Toutefois Cannes revendique également son identité « so French » : en tant que pays-cinéma, cinéphile et curieux, mais aussi – et surtout – en tant que modèle de défense et de promotion du cinéma comme expression artistique. La France, qui a notamment donné au cinéma mondial la Nouvelle Vague, défend un modèle économique qui lui est propre et qui offre aux oeuvres françaises et internationales un havre de production et de diffusion – ce que le Festival aime à rappeler chaque année.
L’organisation du Festival, et en premier lieu Thierry Frémeaux, a ainsi revu les règles de sélection du Jury : cette 70ème édition a été marquée par une vaste polémique liée à la présence de deux films produits par le géant de la SVOD – Netflix – et qui de fait, ne sortiront pas nécessairement sur grand écran, venant ainsi bousculer le saint triptyque producteur-distributeur-exploitant que défend avec force et constance la France. Après un débat mouvementé, une règle obligeant les films de la sélection à sortir en salle à partir de 2018 a été instaurée. « L’exception culturelle française » pourrait ainsi faire jurisprudence sur ce sujet qui bouleverse structurellement le secteur.
La création avant tout
En effet, si Cannes est le premier marché du film au monde et le « premier poumon » du financement du cinéma mondial, représentant des enjeux business colossaux, Cannes est aussi la plus grande manifestation de cinéma et reste le rendez-vous annuel de tous les cinéphiles. C’est encore l’un des rares endroits qui attire et mêle des cinéastes venus des quatre coins du globe.

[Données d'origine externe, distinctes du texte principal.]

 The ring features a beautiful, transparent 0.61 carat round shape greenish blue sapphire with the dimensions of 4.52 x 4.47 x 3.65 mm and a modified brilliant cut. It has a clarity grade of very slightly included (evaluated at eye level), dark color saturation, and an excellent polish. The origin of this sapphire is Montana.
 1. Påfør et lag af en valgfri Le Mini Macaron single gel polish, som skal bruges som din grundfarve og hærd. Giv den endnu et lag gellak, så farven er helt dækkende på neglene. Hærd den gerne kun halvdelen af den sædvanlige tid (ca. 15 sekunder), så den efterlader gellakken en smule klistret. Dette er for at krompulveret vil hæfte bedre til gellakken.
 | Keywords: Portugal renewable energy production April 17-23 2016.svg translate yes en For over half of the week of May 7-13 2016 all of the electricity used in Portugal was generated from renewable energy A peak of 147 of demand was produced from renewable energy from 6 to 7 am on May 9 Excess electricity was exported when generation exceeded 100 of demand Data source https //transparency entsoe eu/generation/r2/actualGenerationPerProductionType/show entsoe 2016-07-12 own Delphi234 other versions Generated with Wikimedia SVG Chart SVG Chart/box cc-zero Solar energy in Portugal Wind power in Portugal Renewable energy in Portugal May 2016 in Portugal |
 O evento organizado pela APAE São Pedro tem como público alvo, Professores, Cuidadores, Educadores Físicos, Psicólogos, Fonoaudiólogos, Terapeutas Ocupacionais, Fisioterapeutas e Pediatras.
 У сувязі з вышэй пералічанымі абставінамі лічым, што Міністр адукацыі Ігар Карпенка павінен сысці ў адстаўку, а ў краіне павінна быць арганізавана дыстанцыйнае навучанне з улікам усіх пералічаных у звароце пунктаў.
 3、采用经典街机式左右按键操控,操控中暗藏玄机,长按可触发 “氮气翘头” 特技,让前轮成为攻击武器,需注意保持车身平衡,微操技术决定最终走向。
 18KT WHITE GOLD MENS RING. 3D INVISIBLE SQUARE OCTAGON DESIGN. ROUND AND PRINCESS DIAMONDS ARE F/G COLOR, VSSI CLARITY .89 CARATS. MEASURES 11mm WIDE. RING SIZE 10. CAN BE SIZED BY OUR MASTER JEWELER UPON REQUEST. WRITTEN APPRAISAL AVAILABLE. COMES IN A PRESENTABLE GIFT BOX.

A quoi cela tient-il ? Une programmation savamment travaillée, en lien avec la société actuelle et qui donne sa part belle à la création et aux expérimentations dans le domaine du 7ème art. Pour cette 70ème édition on pouvait ainsi trouver des oeuvres expérimentales, une installation dédiée à la réalisation en VR d’Alejandro Gonzalez Inarritu, des séries télé… et même des films produits par Amazon et Netflix, donc. Preuve que Cannes, loin de se replier sur son histoire passée, n’a de cesse de rester à jour.
Le rêve et les paillettes
Mais le Festival doit aussi entretenir son image de rêve et de paillettes, dont l’acmé reste la montée des marches, mais qui se propage également et de plus en plus via les marques partenaires (L’Oréal, Renault, Mastercard, hp…), qu’il s’agisse de Partenaires Officiels, Techniques ou autres marques. Ces derniers se donnent carte blanche, en dehors du sacro-saint Palais, pour s’approprier une part de l’image du Festival, au-delà des salles obscures : plages Magnum ou Chivas, restaurant Nespresso, Villa Schweppes, terrasses Martini, Grey Goose…

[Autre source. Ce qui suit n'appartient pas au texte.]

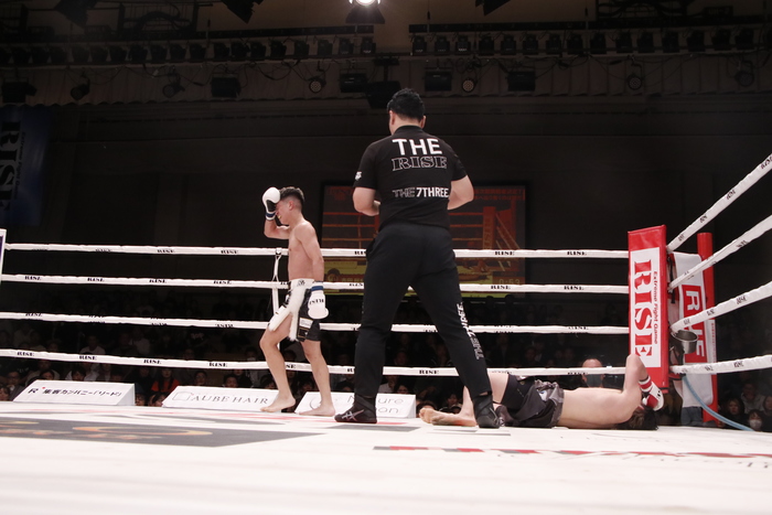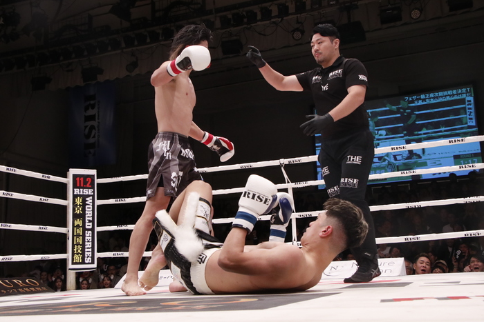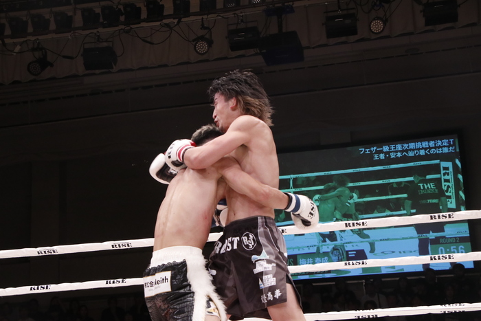 1R、左フックと右インローの吉田に梅井は左ミドルで対抗。入り込んで一気にパンチをまとめる梅井が、左フックでダウンを奪う。
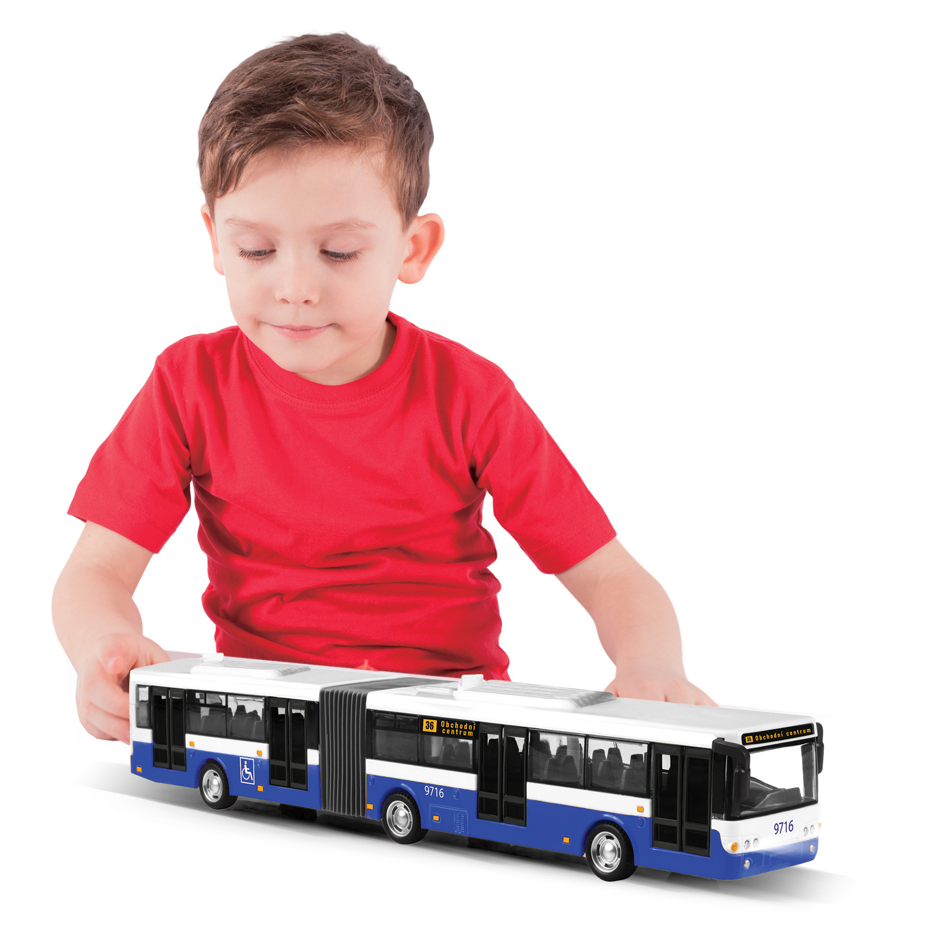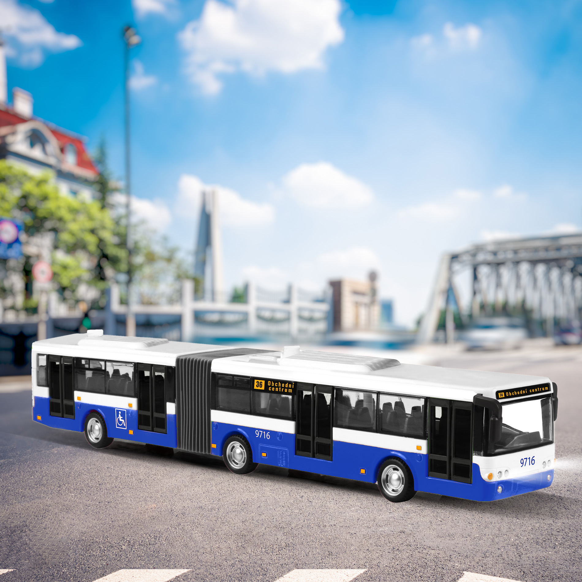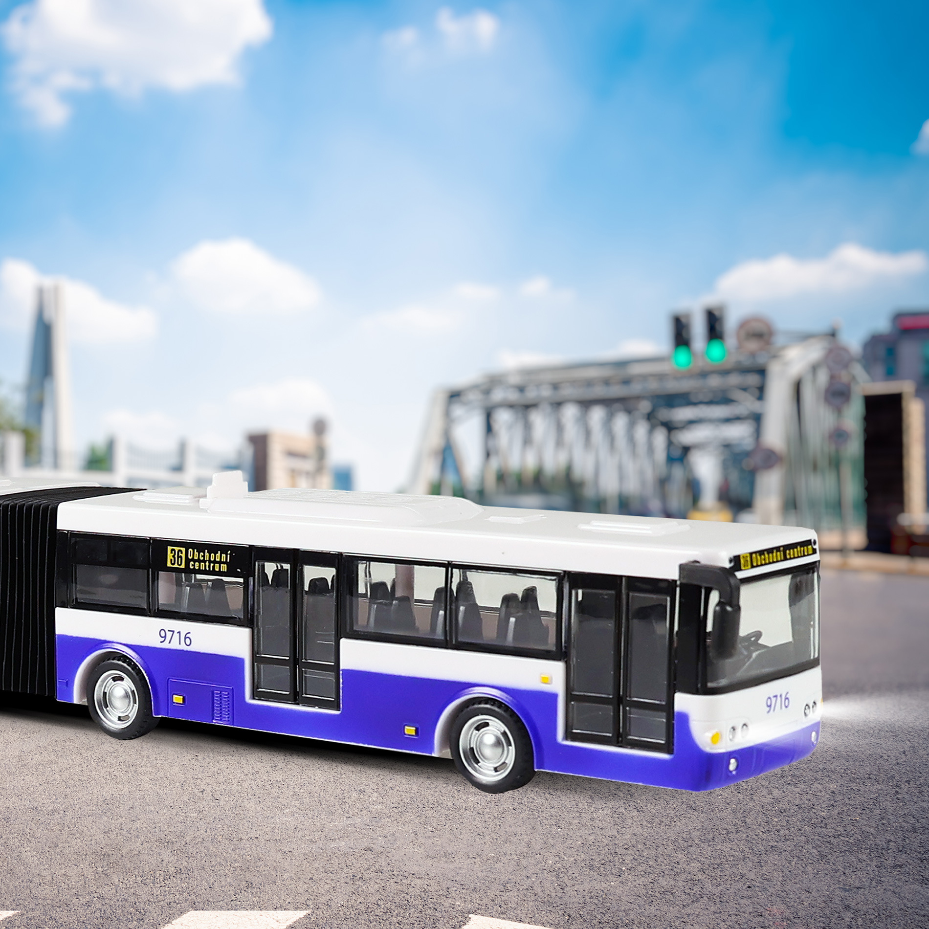 Originální autobus, který oznamuje zastávky v českém jazyce, je rozhodně ten pravý dárek pro vaši jízdu! Vaše děti si ho zamilují! Všechny dveře, lze manuálně otevřít a zavírají se pomocí posuvníků umístěných ve spodní části vozu. Při otevření předních dveří se ozve hlášení zastávky, při zavření zahlásí příští zastávku a navíc blikají přední světla. Po zatlačení na přední část střechy vydává autobus zvuk motoru. Je vyroben z plastu v měřítku 1:43, jeho délka je 36 cm a vyžaduje použití 3 ks baterií LR44/AG13, které jsou jeho součástí. Autobus jezdí na zpětný chod a hlásí celkem 7 zastávek česky. Tato unikátní hračka nadchne všechny kluky i holky!
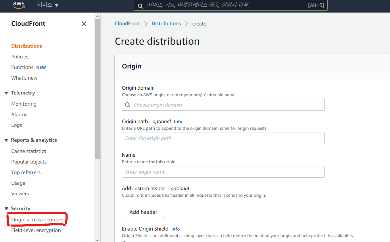 참고) 글을 다 작성하고나서 알게된 사실인데, Origin access identity(OAI, 원본 액세스 ID) 아래에 있는

Si le Festival s’est ouvert à des partenariats marketing financièrement conséquents, il a toutefois pris soin de sanctuariser le coeur de sa matière : les films, les artistes, le jury – bref, le Cinéma. Ainsi l’affiche officielle ne comprend aucun logo, la montée des marches reste vierge de tout branding, tout comme la cérémonie d’ouverture et la remise du Palmarès.
Avoir su préserver cet équilibre savant peut expliquer la longévité de la « marque Festival de Cannes ».
Cependant, des artistes aux people, des producteurs aux marques, des exploitants aux plates-formes de streaming… le Festival doit faire face à un écosystème changeant. Saura-t-il rester cet événement incontournable pour toutes les parties prenantes du secteur tout en n’affichant que l’essentiel : le Cinéma et ses artistes ? Et lui sera-t-il encore longtemps possible d’accueillir le cinéma du monde tout en y revendiquant les valeurs d’un modèle typiquement français ? De la réponse à ces questions dépend la pérennité de la marque Festival de Cannes.